The aeronautical industry has participated in digital solutions since its appearance, but not all. Acronyms like CAD, PLM, ERP, MES etc. are well known in the sector, whose companies have been implementing commercial tools as they emerged. However, prescriptive analytics has been largely absent from the sector’s transition towards the 4.0 paradigm, in particular the area of production planning and scheduling.
This is the justification for the research carried out by Tamara Borreguero and collected in her PhD dissertation “Scheduling with limited resources along the aeronautical supply chain: From parts manufacturing plants to final assembly lines” (whose directors are Álvaro García and Miguel Ortega, founding partners at baobab soluciones).

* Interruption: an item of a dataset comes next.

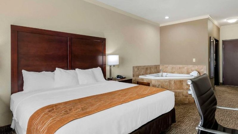 The best affordable hotel with whirlpool suites in Fort Worth is Comfort Inn & Suites Fort Worth – Fossil Creek. You can see our full list of best budget-friendly hotels with hot tub in room in Fort Worth.
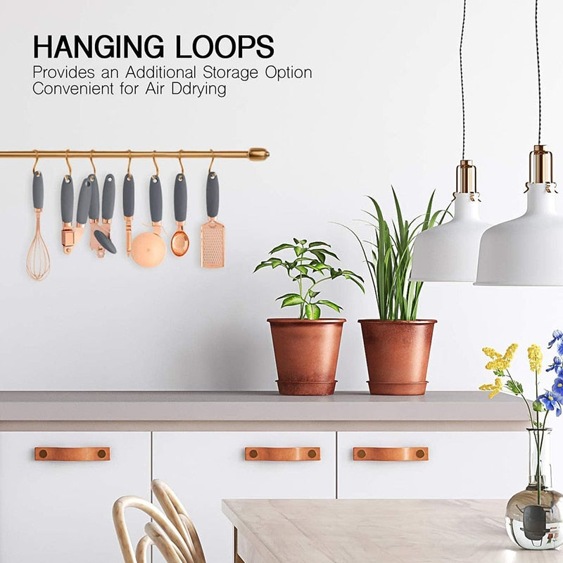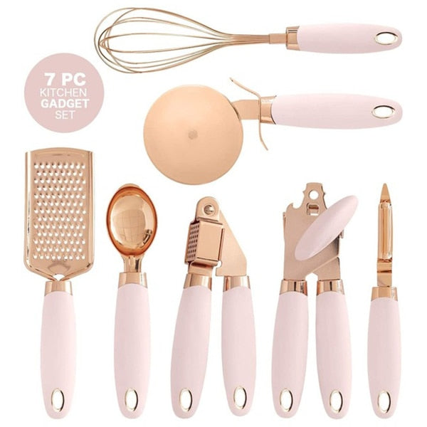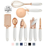 7-Piece Kitchen Gadgets Set Copper Coated Stainless Steel Utensils with Soft Touch Handles, Garlic Press Whisk Cheese Grater

The supply chains of companies such as Airbus and Boeing are extremely complex, due to the plethora of companies that are involved in globally dispersed plants, as evidenced in the image, relative to the supply chain of the A320 models of Airbus.

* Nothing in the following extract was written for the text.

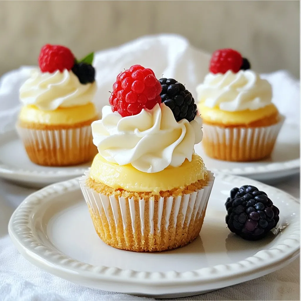 - 1 cup graham cracker crumbs - 2 tablespoons granulated sugar - 1/4 cup unsalted butter, melted - 16 ounces cream cheese, softened to room temperature - 1/2 cup granulated sugar - 1/4 cup sour cream - 2 large eggs, at room temperature - 1 teaspoon pure vanilla extract - Zest of 1 lemon (optional, for a fresh citrus note) - Selecting the best cream cheese: Always choose full-fat cream cheese. It gives the best flavor and texture. Check for a smooth and soft package. This helps your batter mix well. - Choosing the right granulated sugar: Use standard granulated sugar. It dissolves easily, which is key for smooth cheesecakes. Avoid brown sugar or alternatives, as they can change the taste. - Importance of using room temperature eggs: Eggs mix better when they are at room temperature. This helps create a creamy filling. Take them out of the fridge about 30 minutes before you bake. {{ingredient_image_2}} Preheating your oven is very important. A steady temperature helps bake the cheesecakes evenly. Set your oven to 325°F (163°C) before you start mixing. This way, when you place the mini cheesecakes in, they will bake perfectly. To make the crust, you need graham cracker crumbs, sugar, and butter. In a medium bowl, mix 1 cup of graham cracker crumbs and 2 tablespoons of granulated sugar. Then, pour in 1/4 cup of melted butter. Stir it well until all the crumbs are coated. This mixture should look like wet sand. For the filling, you want it creamy and smooth. Start with 16 ounces of softened cream cheese in a large bowl. Use an electric mixer to beat it until it’s smooth. Next, add 1/2 cup of granulated sugar slowly. Mix well after each addition. Then, blend in 1/4 cup of sour cream. Now, add 2 large eggs one at a time. Mix each egg in well before adding the next. Finally, add 1 teaspoon of pure vanilla extract and lemon zest if you like. This will give your filling a fresh taste. It’s time to bake! Carefully pour the cheesecake batter over the crust in each liner. Fill them about 3/4 full. Place the muffin tin in the oven and bake for 18-20 minutes. The edges should be set, but the centers can still jiggle a bit. This jiggle means they will be creamy. Cooling is very important for texture. After baking, let the mini cheesecakes cool in the tin for about 10 minutes. Then, transfer them to a wire rack to cool completely. Once they are cool, refrigerate them for at least 4 hours, or overnight if you can wait. This chilling time helps them set up perfectly. - Overmixing the batter: Mixing too much adds air, which can cause cracks. Mix until just smooth. - Not chilling properly: Skipping chill time means your cheesecakes may not set. Always chill for at least four hours. - Muffin tin: A non-stick muffin tin helps the cheesecakes release easily. - Cupcake liners: Use these to prevent sticking and make serving easier. - Electric mixer: This tool helps achieve a smooth filling without lumps. - Rubber spatula: Great for scraping down the sides of the bowl. - Wire rack: Perfect for cooling the cheesecakes evenly. - Room temperature ingredients: Make sure cream cheese and eggs are at room temperature. This helps mix them smoothly. - Gentle mixing: Mix eggs in one at a time. This avoids overmixing and keeps the batter smooth. - Bake until slightly jiggly: The centers should be soft but not liquid. This ensures they will set nicely when chilled. Pro Tips Choose the Right Cream Cheese: Make sure to use full-fat cream cheese for the best flavor and texture. Low-fat versions may not yield the same creamy results. Room Temperature Ingredients: Ensure that your cream cheese, eggs, and sour cream are at room temperature before mixing. This helps create a smoother batter and prevents lumps. Don’t Overmix: When adding the eggs, mix just until incorporated. Overmixing can introduce too much air, causing the cheesecakes to crack during baking. Perfect Cooling: Allow the cheesecakes to cool in the tin for 10 minutes before transferring them to a wire rack. This prevents them from breaking apart and ensures they set properly. {{image_4}} You can easily change the flavor of your mini cheesecakes. Here are a few ideas: - Chocolate: Add 1/2 cup of melted chocolate to the filling. This gives a rich and creamy chocolate taste. - Pumpkin: Mix in 1 cup of pumpkin puree and 1 teaspoon of pumpkin spice. This brings a warm, fall flavor. - Berry: Fold in 1 cup of fresh or frozen berries. Blueberries, strawberries, and raspberries all work well. Each flavor creates a unique treat that everyone will love. You can also mix flavors for even more fun! The crust adds a nice crunch. You can switch it up for different tastes: - Oreo Crust: Use crushed Oreo cookies instead of graham crackers for a chocolatey twist. - Gingersnap Crust: If you like a spicy kick, try gingersnap cookies. They add warmth and flavor. - Almond Flour Crust: For a gluten-free option, use almond flour mixed with melted butter. It’s nutty and delicious. Experimenting with crusts makes your cheesecakes even more special! Toppings can take your mini cheesecakes to the next level. Here are some fun ideas: - Whipped Cream: A dollop of whipped cream adds a light, airy touch. - Fresh Fruit: Top with sliced strawberries, blueberries, or raspberries for color and sweetness. - Fruit Sauce: Drizzle with raspberry or chocolate sauce for a sweet and pretty finish. These toppings make your mini cheesecakes look and taste amazing! To keep your mini cheesecakes fresh, place them in an airtight container. If you have extra room, cover them with plastic wrap. This step helps keep moisture in and prevents drying. For best results, store them in the fridge. These mini cheesecakes will last up to five days in the fridge. If you want to save them longer, freeze them. They can stay fresh for up to three months in the freezer. Just remember to wrap them well to avoid freezer burn. If you want to warm up your mini cheesecakes, do it slowly. Preheat your oven to 300°F (150°C).

Effectively and efficiently coordinating all manufacturing, transportation, warehousing and assembly operations is critical to the profitability of aircraft manufacturers. However, this type of task has been traditionally left out of the digital transformation initiatives of the aeronautical sector.
In this sense, Dr. Borreguero’s thesis represents a novel contribution by proposing concrete solutions based on prescriptive analytics to solve various problems related to production planning and scheduling.
Three main challenges
The production of an aircraft goes through three areas: parts manufacturing, assembling aerostructures from the previous parts and aerostructures final assembling. Each of these areas has its own problems, which can be of a diverse nature, strategic, tactical or operational.

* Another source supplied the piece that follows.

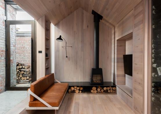 The Tasmanian oak lining became the main feature throughout the extension, integrating into the walls, floor, ceiling and joinery. Custom built in seating features a steam bent Tasmanian oak backrest, showcasing the workability and craftsmanship possible with the material.
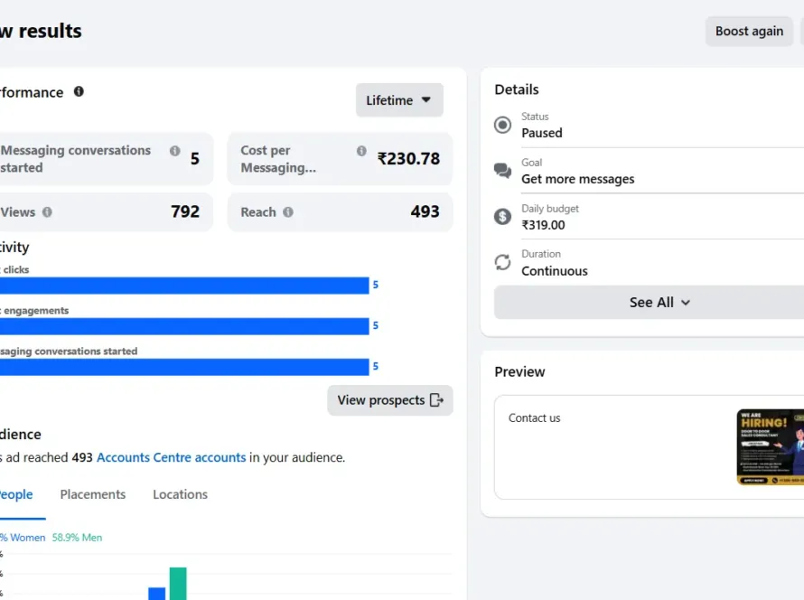 We manage Meta advertising campaigns for GKS Employment focused on generating employment inquiries through message conversion ads.

The research focused on three major challenges, for each of which a mathematical model and a practical application were developed, which validated the usefulness of the approach adopted in each case.
The first problem was the airframe manufacturing short-term scheduling. The second problem was the mid-term scheduling for airframe manufacturing to correctly size the productive capacity and comply with the delivery schedule. Finally, the third problem dealt with short term scheduling for final assembly lines, so that the operations in each of the workstations are carried out in compliance with the cycle time (takt time) and keeping the least possible consumption of resources.
The results of this research exceed the analysis of these problems and the development of prescriptive analytical models, but rather rigorously demonstrate their advantages, also discussing the practical implications of their development and their integration with the rest of the company’s systems, within the Industry 4.0 paradigm framework.
In summary, this thesis proves how Prescriptive Analytics can improve the aeronautical industry’s supply chain. It provides new knowledge to the scientific community that can be directly applied to the aeronautical sector. It constitutes a good example of how it is possible to work on real industry problems without giving up the rigor of Academia.